* _Try it_: Could you restate, exactly and with nothing added, the lines from the start of the data through the line that holds "NIR-responsive liposome/hydrogel platform", leaving the pictures out?

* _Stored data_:

========

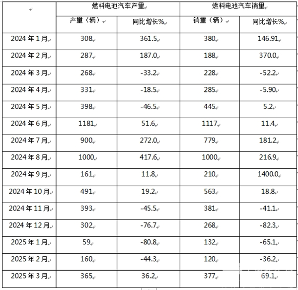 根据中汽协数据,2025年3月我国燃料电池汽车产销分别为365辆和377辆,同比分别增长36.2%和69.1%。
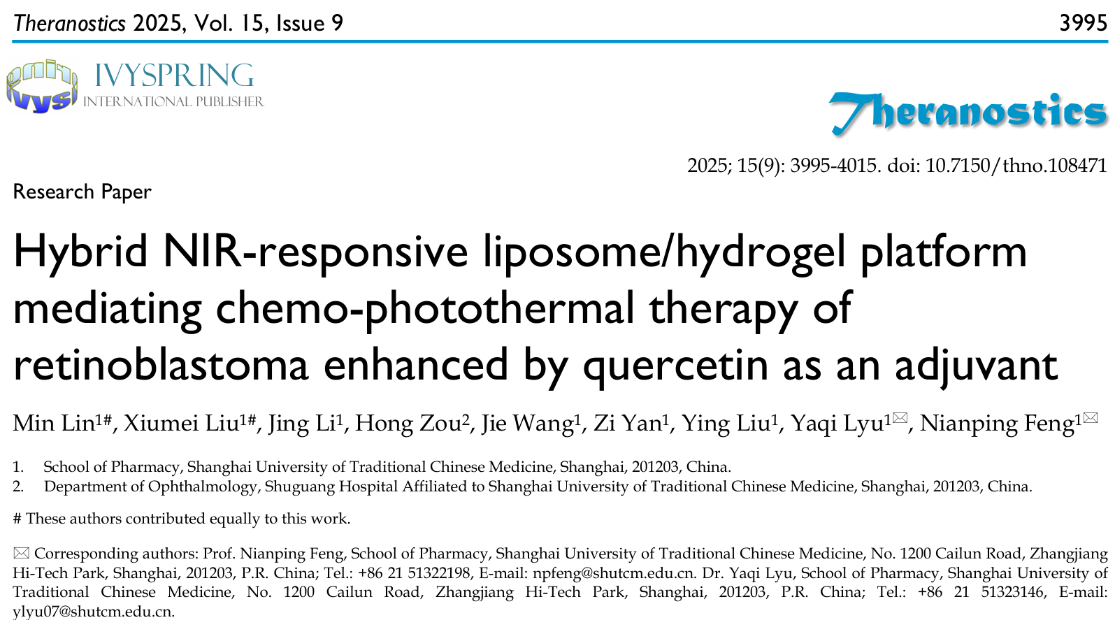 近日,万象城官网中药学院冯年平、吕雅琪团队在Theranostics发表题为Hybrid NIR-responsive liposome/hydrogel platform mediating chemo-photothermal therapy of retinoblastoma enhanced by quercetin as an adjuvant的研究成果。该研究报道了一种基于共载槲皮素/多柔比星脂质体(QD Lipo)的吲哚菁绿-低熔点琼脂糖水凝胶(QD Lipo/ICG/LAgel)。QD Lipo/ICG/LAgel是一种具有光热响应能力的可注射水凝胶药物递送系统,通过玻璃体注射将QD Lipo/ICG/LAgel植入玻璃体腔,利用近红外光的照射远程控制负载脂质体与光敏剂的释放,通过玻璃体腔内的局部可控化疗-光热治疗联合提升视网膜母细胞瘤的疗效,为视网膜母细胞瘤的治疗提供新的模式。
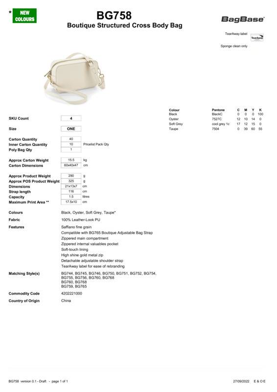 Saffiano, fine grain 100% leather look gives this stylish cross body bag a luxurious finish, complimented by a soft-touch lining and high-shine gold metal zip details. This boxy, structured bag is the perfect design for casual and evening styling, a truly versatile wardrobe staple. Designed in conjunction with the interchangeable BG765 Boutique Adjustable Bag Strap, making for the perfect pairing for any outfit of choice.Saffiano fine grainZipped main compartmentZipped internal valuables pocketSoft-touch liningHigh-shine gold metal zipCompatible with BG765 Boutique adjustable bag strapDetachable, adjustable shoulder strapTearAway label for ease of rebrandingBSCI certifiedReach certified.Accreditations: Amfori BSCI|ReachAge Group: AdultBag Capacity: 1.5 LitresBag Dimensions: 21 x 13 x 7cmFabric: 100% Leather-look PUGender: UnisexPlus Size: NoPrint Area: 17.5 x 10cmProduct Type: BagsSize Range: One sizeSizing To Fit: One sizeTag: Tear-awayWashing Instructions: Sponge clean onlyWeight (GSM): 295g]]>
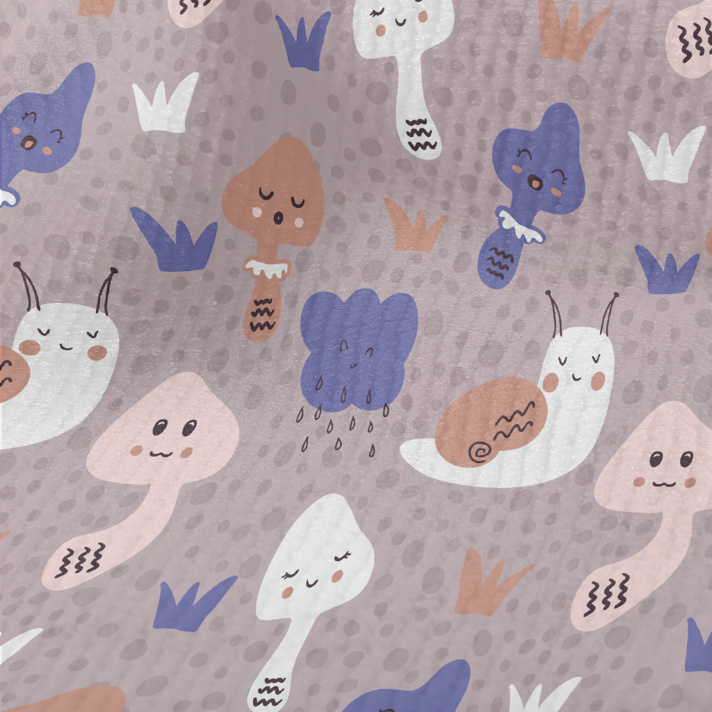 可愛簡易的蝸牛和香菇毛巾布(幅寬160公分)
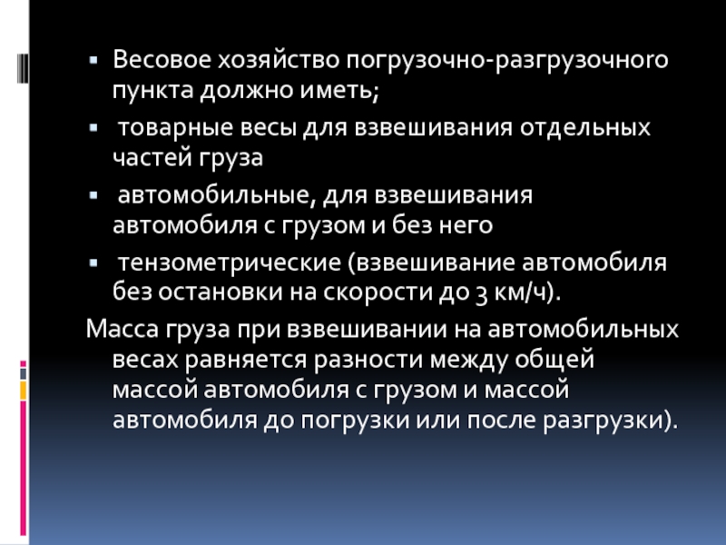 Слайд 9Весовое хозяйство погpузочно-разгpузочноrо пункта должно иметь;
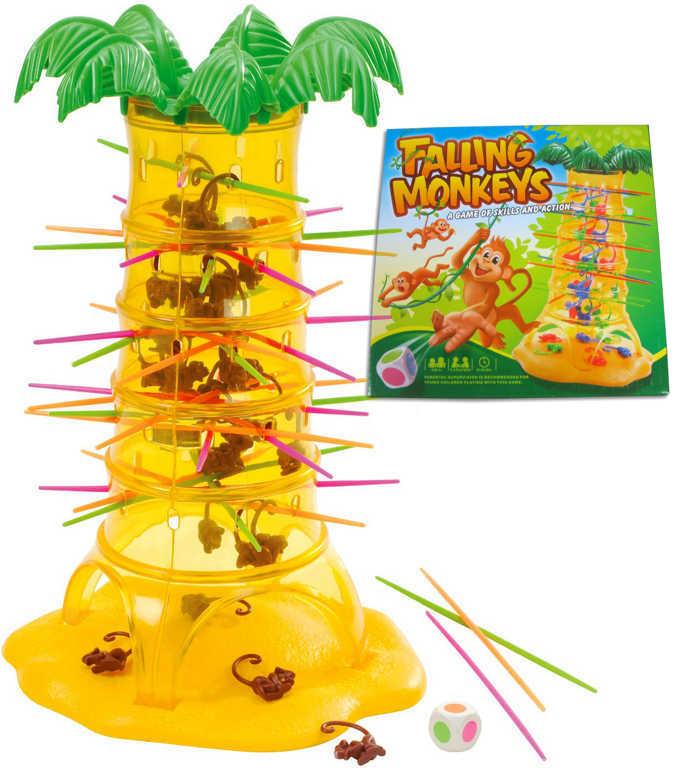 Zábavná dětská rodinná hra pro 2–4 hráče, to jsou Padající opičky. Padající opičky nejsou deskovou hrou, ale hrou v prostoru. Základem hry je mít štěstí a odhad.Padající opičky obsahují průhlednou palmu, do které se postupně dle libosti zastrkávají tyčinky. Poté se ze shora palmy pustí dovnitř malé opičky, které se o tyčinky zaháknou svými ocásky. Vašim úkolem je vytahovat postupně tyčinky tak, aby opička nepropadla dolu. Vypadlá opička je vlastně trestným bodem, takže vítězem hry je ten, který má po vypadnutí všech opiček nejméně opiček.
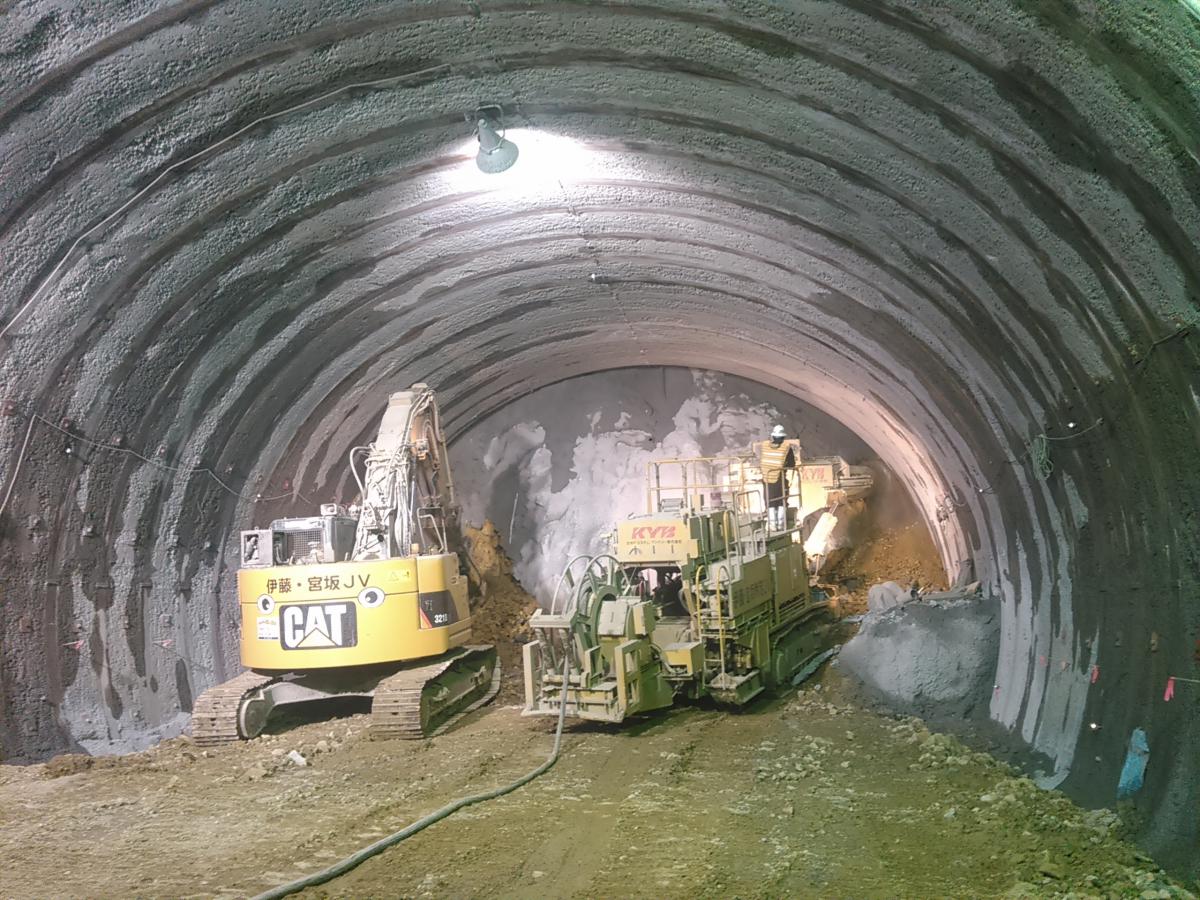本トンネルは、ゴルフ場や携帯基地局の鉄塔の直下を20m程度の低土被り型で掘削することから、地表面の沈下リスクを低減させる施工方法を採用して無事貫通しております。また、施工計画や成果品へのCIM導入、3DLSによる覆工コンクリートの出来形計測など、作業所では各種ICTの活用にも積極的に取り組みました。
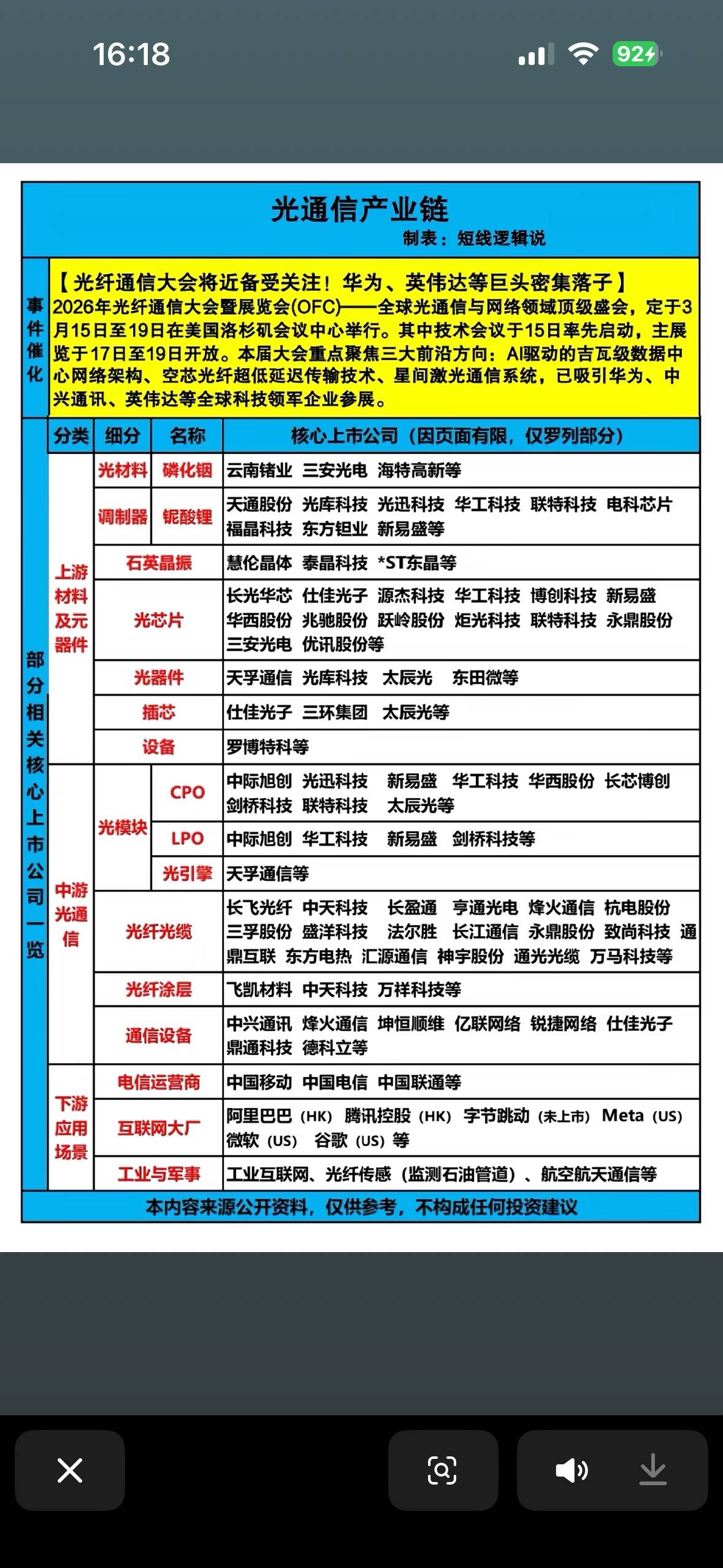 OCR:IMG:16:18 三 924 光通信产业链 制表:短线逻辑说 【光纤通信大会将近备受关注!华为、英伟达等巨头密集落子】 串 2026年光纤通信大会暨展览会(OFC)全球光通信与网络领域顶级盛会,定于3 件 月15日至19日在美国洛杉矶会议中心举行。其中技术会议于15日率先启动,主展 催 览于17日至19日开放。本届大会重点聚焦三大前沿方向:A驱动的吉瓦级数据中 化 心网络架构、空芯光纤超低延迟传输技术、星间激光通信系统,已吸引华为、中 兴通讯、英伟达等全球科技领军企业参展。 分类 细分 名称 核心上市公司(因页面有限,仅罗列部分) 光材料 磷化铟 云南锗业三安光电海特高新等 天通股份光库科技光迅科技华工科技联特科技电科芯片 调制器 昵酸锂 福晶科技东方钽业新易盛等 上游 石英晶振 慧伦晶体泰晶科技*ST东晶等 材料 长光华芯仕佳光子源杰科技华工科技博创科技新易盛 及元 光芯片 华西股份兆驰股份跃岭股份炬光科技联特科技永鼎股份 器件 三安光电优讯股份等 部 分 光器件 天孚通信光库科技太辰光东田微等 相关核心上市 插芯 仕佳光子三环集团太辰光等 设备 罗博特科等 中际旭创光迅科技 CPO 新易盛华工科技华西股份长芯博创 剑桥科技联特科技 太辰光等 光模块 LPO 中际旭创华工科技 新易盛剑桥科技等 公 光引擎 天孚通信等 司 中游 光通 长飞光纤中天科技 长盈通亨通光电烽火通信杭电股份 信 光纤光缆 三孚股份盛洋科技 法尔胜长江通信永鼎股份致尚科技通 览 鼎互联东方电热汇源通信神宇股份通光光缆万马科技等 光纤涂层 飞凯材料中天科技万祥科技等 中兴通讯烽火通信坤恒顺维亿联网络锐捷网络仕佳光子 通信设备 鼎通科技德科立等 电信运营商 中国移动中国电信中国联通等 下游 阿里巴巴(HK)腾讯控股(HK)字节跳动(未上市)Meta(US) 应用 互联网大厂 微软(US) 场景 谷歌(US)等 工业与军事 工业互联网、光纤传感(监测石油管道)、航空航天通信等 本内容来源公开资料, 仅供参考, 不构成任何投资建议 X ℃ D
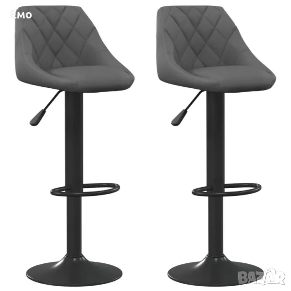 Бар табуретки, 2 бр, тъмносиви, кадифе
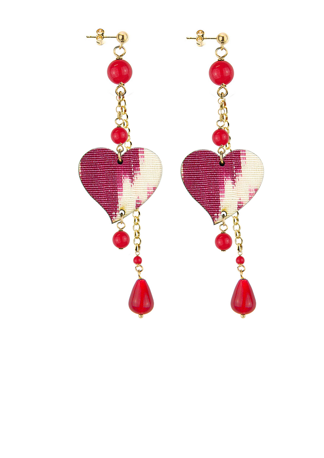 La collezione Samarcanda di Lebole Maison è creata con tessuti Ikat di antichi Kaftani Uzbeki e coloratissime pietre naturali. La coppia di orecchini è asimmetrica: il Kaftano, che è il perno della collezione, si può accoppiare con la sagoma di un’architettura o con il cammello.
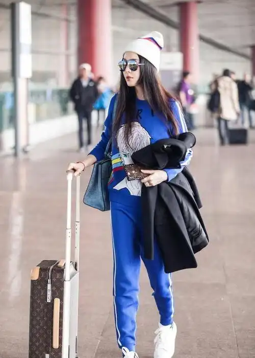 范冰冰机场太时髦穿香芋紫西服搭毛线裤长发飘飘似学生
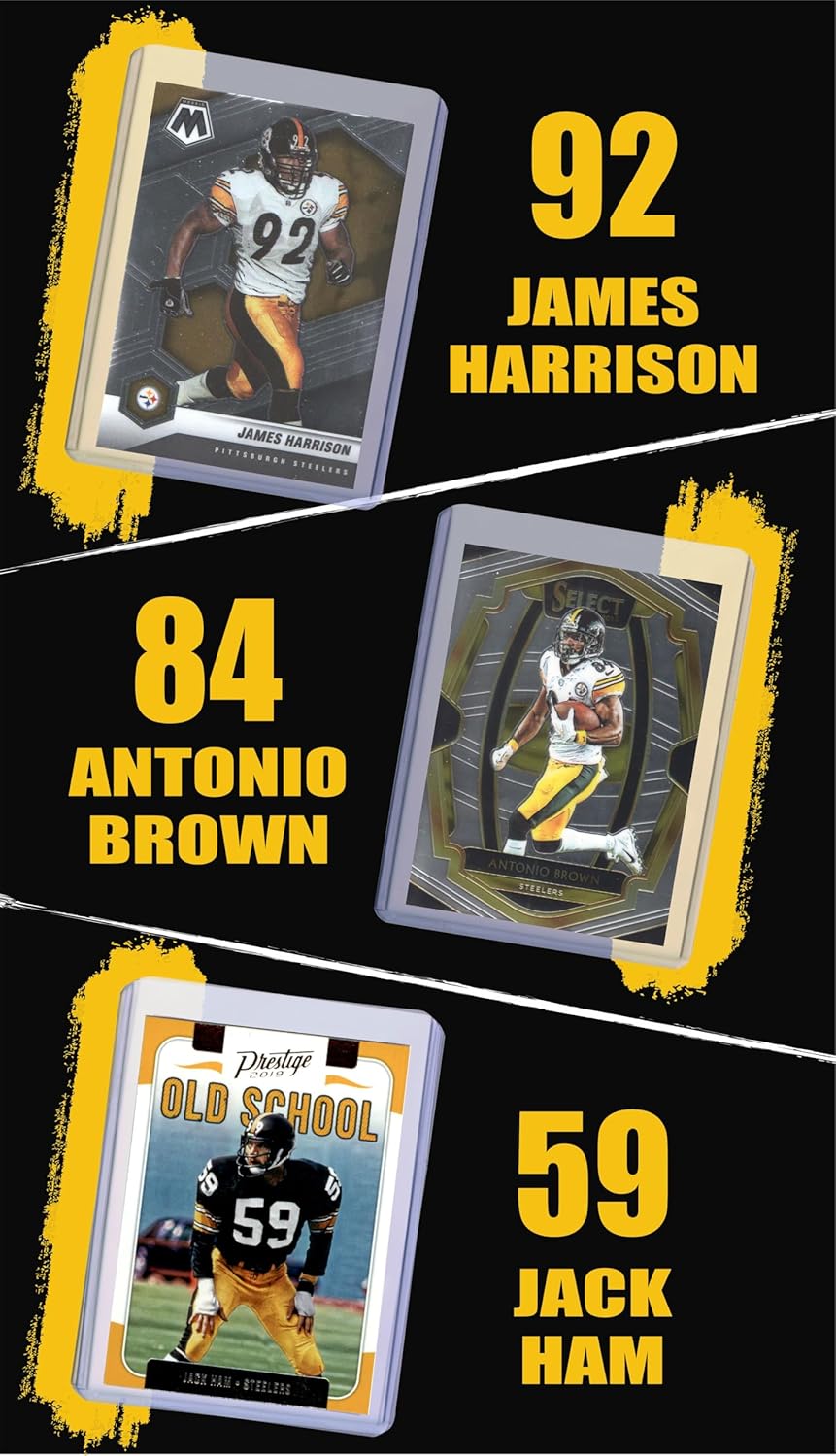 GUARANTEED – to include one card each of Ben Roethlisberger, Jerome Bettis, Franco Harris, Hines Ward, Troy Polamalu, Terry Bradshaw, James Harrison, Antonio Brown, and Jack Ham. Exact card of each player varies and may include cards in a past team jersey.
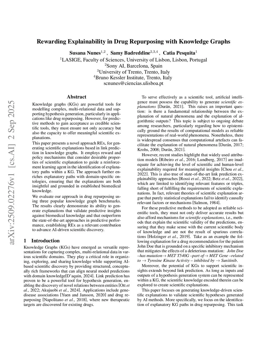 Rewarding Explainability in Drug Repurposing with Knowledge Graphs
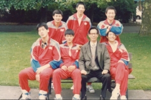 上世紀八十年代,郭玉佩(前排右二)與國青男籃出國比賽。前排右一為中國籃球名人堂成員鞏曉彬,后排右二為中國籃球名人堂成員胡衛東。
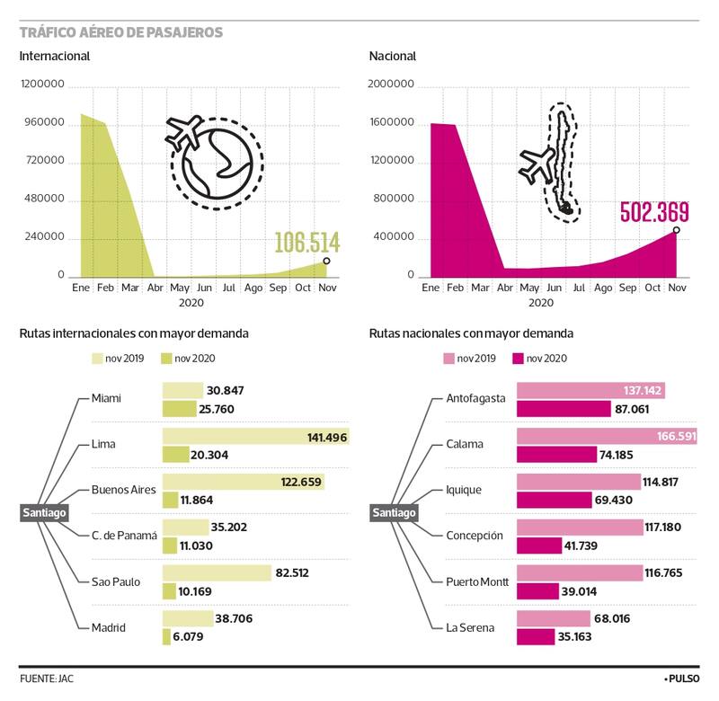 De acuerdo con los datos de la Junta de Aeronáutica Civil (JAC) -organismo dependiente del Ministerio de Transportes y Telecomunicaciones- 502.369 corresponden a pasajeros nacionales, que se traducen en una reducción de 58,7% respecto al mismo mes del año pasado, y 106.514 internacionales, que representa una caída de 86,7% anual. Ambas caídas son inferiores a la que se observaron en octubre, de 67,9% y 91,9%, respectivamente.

========

* _Answer area_:
 根据中汽协数据,2025年3月我国燃料电池汽车产销分别为365辆和377辆,同比分别增长36.2%和69.1%。
 近日,万象城官网中药学院冯年平、吕雅琪团队在Theranostics发表题为Hybrid NIR-responsive liposome/hydrogel platform mediating chemo-photothermal therapy of retinoblastoma enhanced by quercetin as an adjuvant的研究成果。该研究报道了一种基于共载槲皮素/多柔比星脂质体(QD Lipo)的吲哚菁绿-低熔点琼脂糖水凝胶(QD Lipo/ICG/LAgel)。QD Lipo/ICG/LAgel是一种具有光热响应能力的可注射水凝胶药物递送系统,通过玻璃体注射将QD Lipo/ICG/LAgel植入玻璃体腔,利用近红外光的照射远程控制负载脂质体与光敏剂的释放,通过玻璃体腔内的局部可控化疗-光热治疗联合提升视网膜母细胞瘤的疗效,为视网膜母细胞瘤的治疗提供新的模式。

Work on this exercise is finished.